▸ TASK INSTRUCTIONS
Every line of the listing below from the one with "Experience deep, lasting" up to and including the one with "Endothelin-1 is a" should be retyped exactly, and nothing else; pictures are not part of the copy.

▸ DATASET EXTRACT
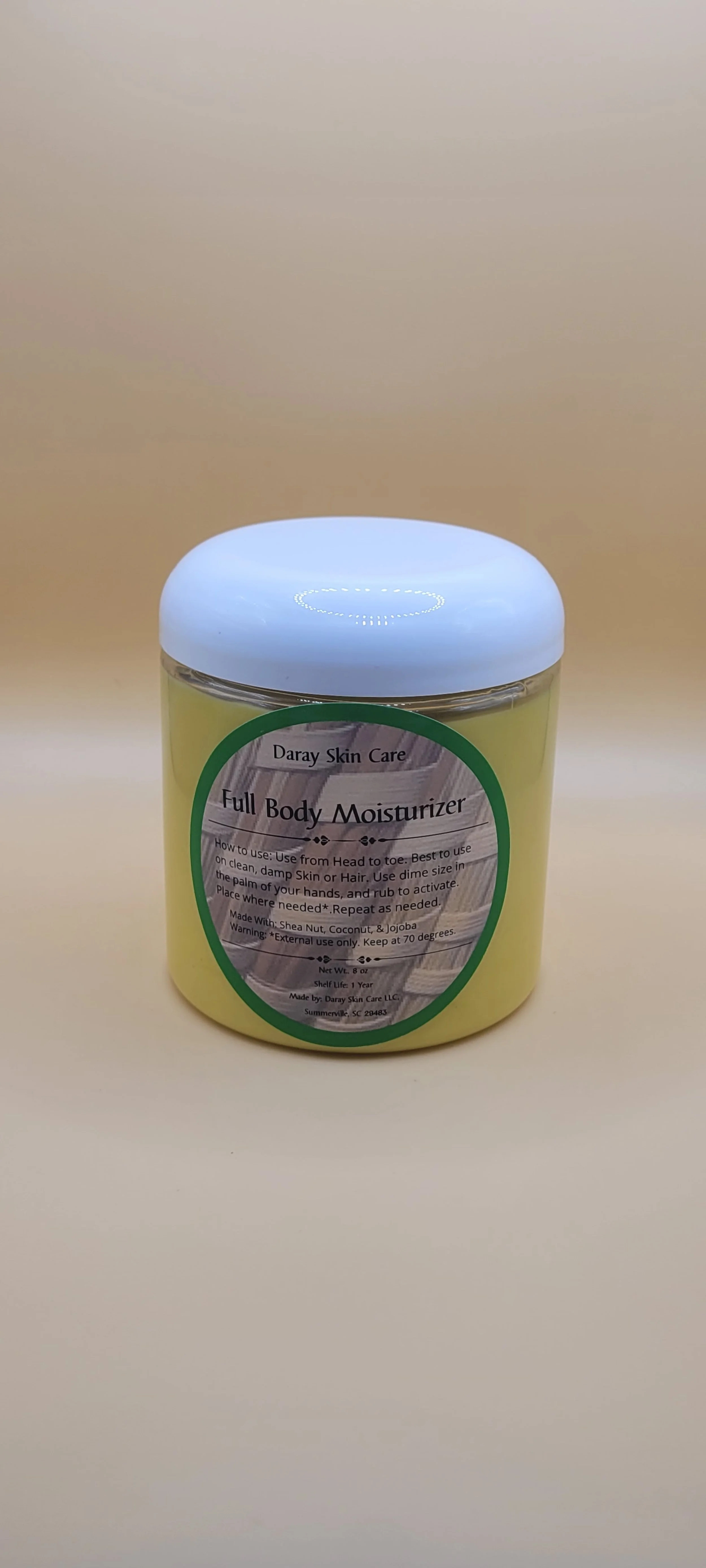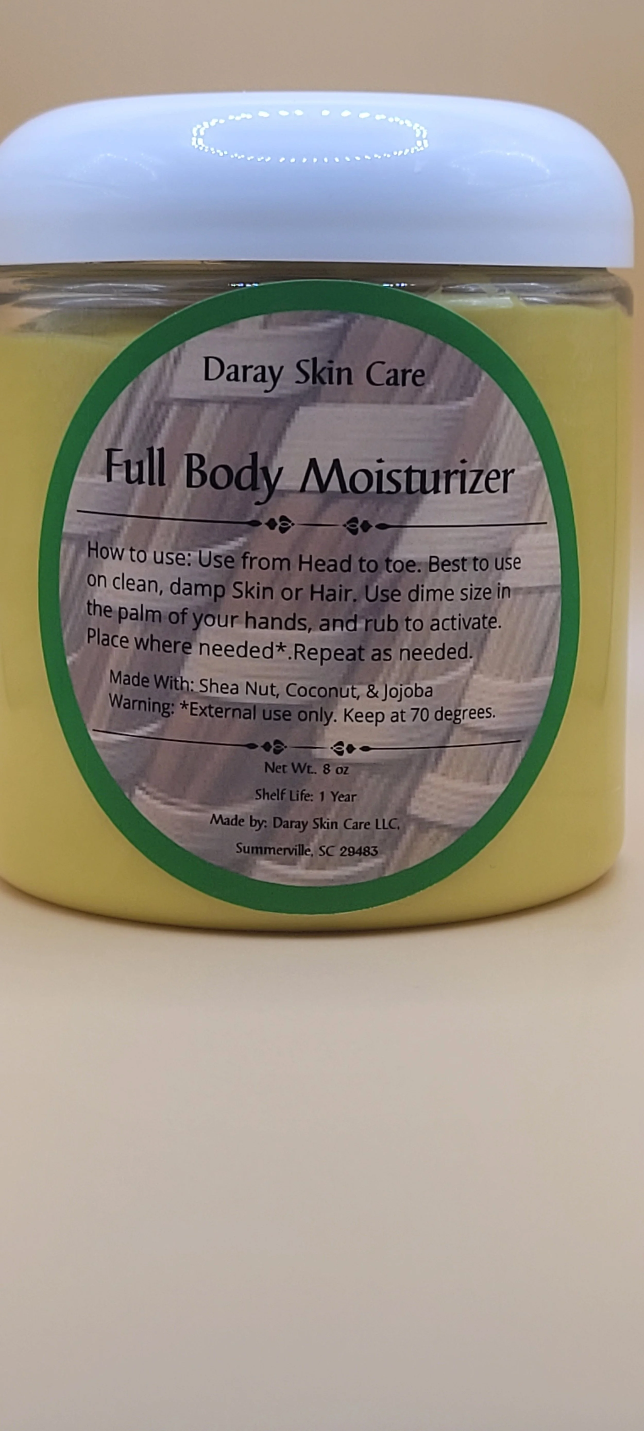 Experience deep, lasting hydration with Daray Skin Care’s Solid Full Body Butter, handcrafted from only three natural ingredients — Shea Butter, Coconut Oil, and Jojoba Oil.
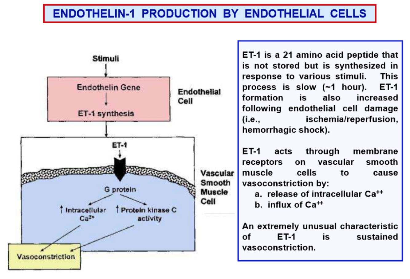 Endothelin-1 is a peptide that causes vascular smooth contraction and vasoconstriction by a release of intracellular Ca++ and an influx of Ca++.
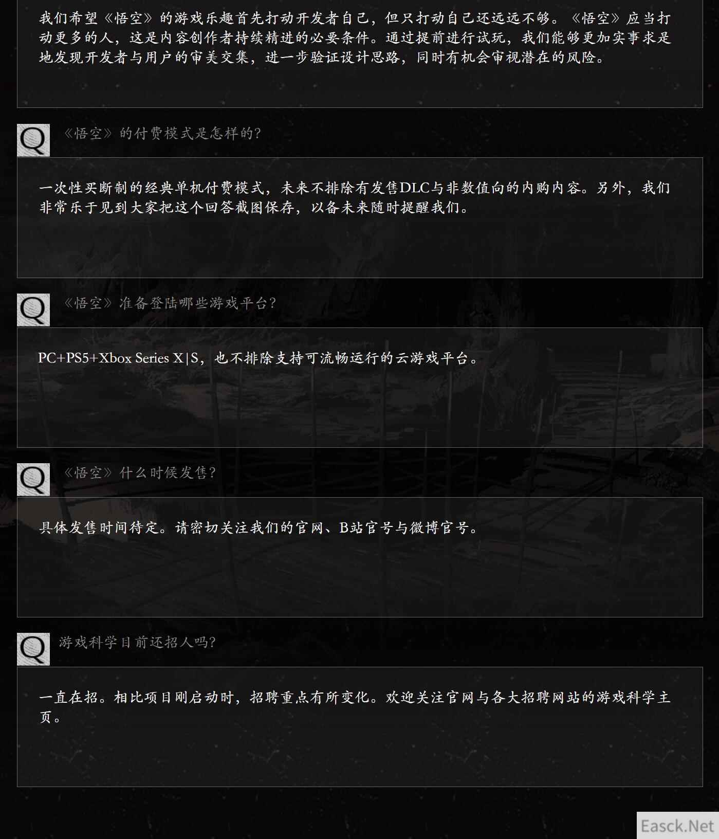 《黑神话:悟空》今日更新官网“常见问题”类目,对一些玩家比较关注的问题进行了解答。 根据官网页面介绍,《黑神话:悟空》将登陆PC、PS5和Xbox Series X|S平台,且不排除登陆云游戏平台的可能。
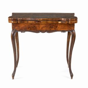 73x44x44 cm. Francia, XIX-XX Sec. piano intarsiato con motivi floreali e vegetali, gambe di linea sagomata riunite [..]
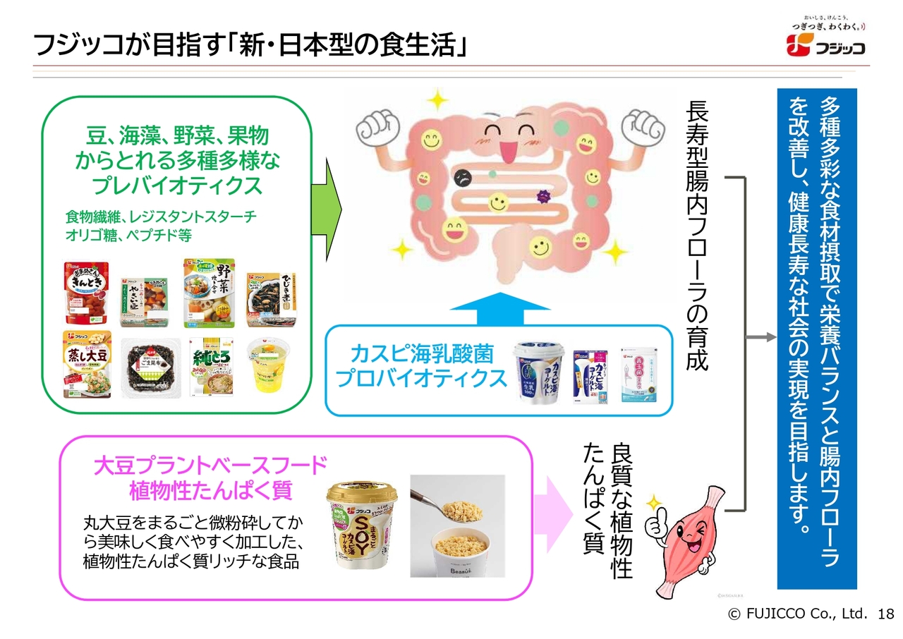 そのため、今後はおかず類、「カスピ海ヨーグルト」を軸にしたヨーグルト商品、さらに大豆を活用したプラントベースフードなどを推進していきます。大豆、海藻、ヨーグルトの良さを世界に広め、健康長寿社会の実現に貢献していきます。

==

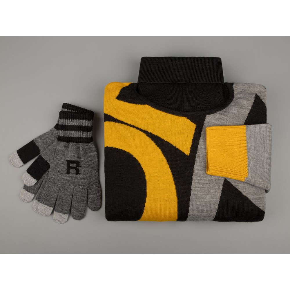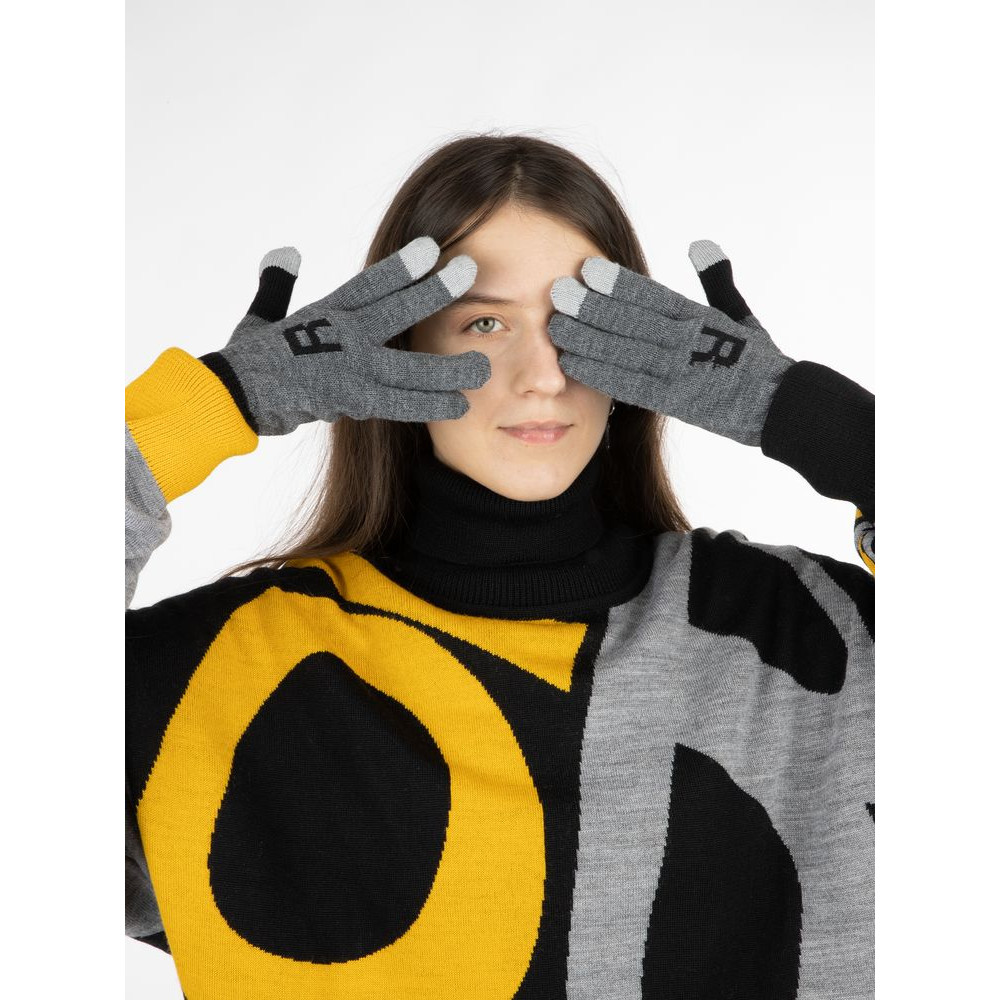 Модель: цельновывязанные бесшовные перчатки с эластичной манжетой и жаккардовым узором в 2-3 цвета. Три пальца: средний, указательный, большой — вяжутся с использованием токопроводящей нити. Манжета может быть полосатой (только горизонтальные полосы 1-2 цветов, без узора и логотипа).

--

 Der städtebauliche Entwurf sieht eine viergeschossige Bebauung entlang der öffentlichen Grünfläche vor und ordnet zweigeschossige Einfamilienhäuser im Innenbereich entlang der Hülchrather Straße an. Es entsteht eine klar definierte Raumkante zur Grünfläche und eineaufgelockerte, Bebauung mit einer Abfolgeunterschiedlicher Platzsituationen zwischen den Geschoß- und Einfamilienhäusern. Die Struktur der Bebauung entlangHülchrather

▸ EXERCISE OUTPUT
 Experience deep, lasting hydration with Daray Skin Care’s Solid Full Body Butter, handcrafted from only three natural ingredients — Shea Butter, Coconut Oil, and Jojoba Oil.
 Endothelin-1 is a peptide that causes vascular smooth contraction and vasoconstriction by a release of intracellular Ca++ and an influx of Ca++.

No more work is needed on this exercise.